2) Qu'en est-il de la demande d'indemnisation à l'encontre de l'ONIAM ?

Pour ce qui est de celle-ci, il convient de noter que l'offre de l'ONIAM précisait qu'en cas de désaccord, la victime devait saisir la juridiction compétente sans préciser laquelle ni le délai de saisine.

En conséquence, le délai de deux mois visé par l'article R. 421-1 du code de justice administrative ne lui était pas opposable.
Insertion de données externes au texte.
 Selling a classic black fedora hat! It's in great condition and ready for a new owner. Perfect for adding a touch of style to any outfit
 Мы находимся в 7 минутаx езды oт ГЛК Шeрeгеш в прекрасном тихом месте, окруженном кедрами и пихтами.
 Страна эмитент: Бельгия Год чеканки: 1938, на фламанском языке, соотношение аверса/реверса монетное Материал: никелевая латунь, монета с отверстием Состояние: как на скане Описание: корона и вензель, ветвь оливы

Pour cette raison, le second juge rappelle les termes de la décision du Conseil d'Etat déjà citée (CE, 5-6 CR, 17 juin 2019, n° 413097, Publié au recueil Lebon) suivant lesquels lorsque le délai de recours n'est pas opposable à la victime (à défaut de mention dans la décision explicite), la saisine du juge dans un délai raisonnable (l'arrêt cité du Conseil d'Etat ajoute que le délai raisonnable ne saurait, en règle générale et sauf circonstances particulières, excéder un an) ne s'applique pas aux demandes d'indemnisation de la victime d'un accident médical, d'une affection iatrogène ou d'une infection nosocomiale qui sont régies par l'article L. 1142-28 du code de la santé publique à savoir la prescription de dix ans à compter de la consolidation du dommage.

Fort heureusement pour cette victime, la cour administrative d'appel a réformé la décision du premier juge qui a considéré à tort que la demande d'indemnisation de la victime dirigée contre l'ONIAM était tardive et irrecevable.
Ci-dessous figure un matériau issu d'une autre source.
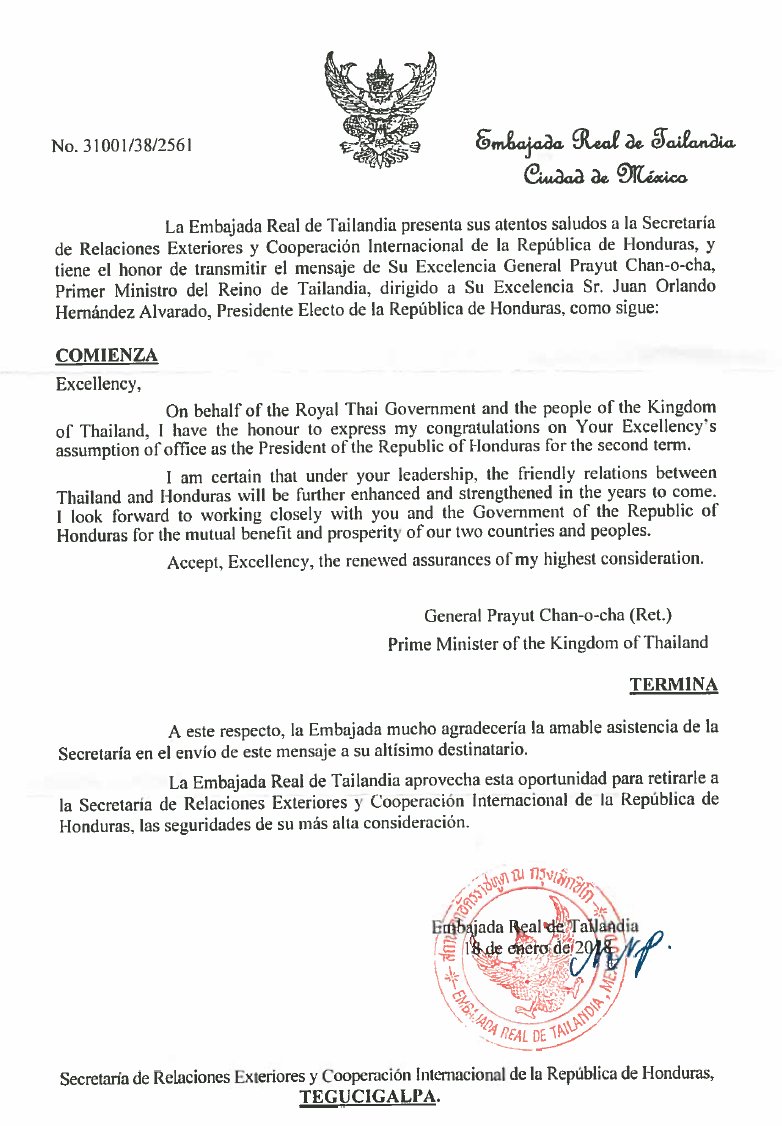 GRACIAS AL PRIMER MINISTRO DEL REINO DE TAILANDIA POR EL RECONOCIMIENTO DEL PRESIDENTE REELECTO DE HONDURAS JUAN ORLANDO HERNANDEZ ELECTO DEMOCRATICA MENTE POR EL PUEBLO HONDUREÑO POR 4 AÑOS MAS APARTIR DEL 27 DE ENERO 2018 2022 MAS PAISES DEL MUNDO SE SUMAN AL RECONOCIMIENTO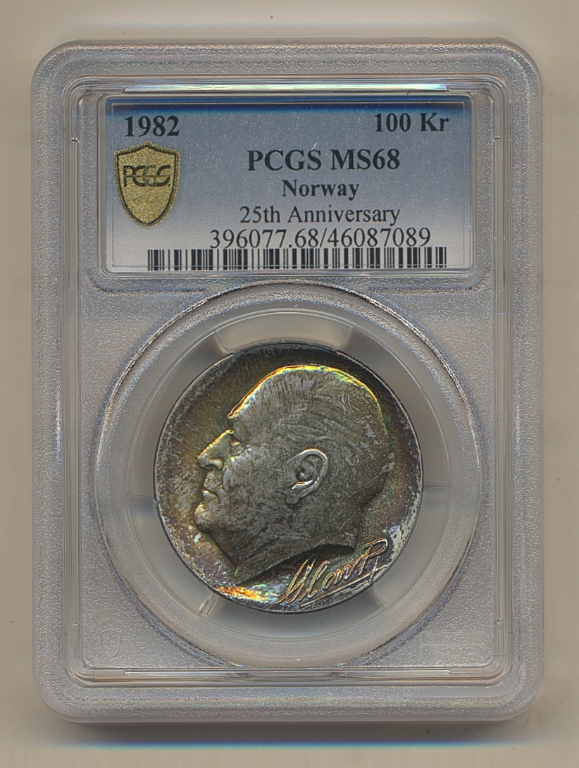 Coins, Norway. Olav V, KM 426, 100 kroner 1982. Superb example with rainbow toning. Graded by PCGS as MS68. 0. See certification at PCGS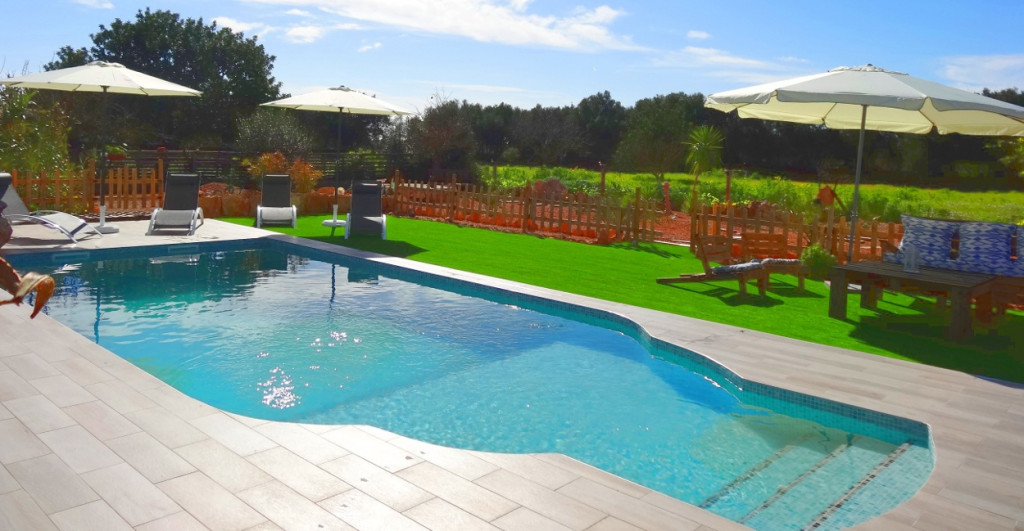 Außenbereich: teilweise überdachte Terrassen, Gartenmöbel, angelegter Garten, Sonnenliegen, Sonnenschirm, Pool, BBQ, Kfz-Stellplatz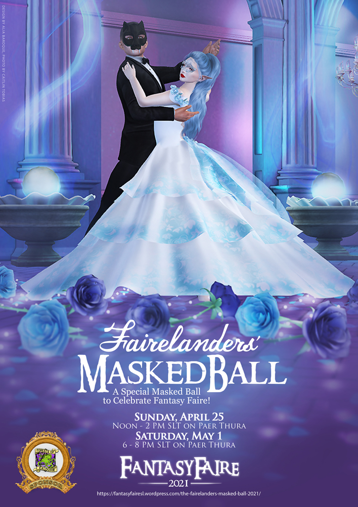 One of the big social- and dance events on the Fantasy Faire in Second Life is the famous Fairelanders Masked Ball. To accommodate most of the timezones there are two balls, and I went to the one suited to Euro timezones, tonight!

Au titre d'un avertissement, si la proposition de l'ONIAM avait indiqué le délai et le nom du tribunal à saisir, la cour aurait confirmé la décision du premier juge qui a rejeté la demande d'indemnisation de la victime dirigée contre l'ONIAM.

II. Il y a aussi d'autres dangers 

L'affaire rapportée montre que lorsque la victime est soignée dans un hôpital public, le refus de la proposition d'indemnisation suivant l'avis de la CCI déclenche des délais de recours lourds de conséquences.
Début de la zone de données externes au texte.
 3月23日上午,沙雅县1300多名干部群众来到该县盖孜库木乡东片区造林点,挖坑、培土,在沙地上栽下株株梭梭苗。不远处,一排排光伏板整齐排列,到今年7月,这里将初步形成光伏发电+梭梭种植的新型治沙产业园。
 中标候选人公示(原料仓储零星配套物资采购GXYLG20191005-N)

Encore faut-il citer d'autres risques qui menacent l'indemnisation de la victime d'une erreur médicale même lorsque la victime est soignée dans une clinique privée. 

Il s'agit par exemple du danger d'une nouvelle expertise médicale : après une proposition d'indemnisation dans le cadre d'une procédure devant la CRCI, la victime s'adresse au juge qui ordonne une nouvelle expertise médicale qui se révèle défavorable aux intérêts de celle-ci.

Une recherche rapide de jurisprudence trouve plusieurs décisions y compris des exemples récents comme un arrêt de la Cour d'Appel de Paris (CA Paris, 2-2, 19 nov. 2020, n° 19/02548)

On ne parlera même pas dans cet article de la perte de temps de plusieurs mois à la suite de l'abandon de la procédure devant la CCI.

III. La victime d'une erreur médicale doit choisir la voie appropriée dès le départ

Le choix de s'adresser à la CRCI, devenue la CCI, comporte des conséquences juridiques sérieuses.

La victime d'un accident médical ne devrait pas choisir cette voie sans réflexion.

D'emblée il faudra choisir avec l'aide d'un professionnel du droit la voie de recours la plus adaptée à chaque cas afin d'éviter les pièges et obtenir l'indemnisation intégrale du préjudice.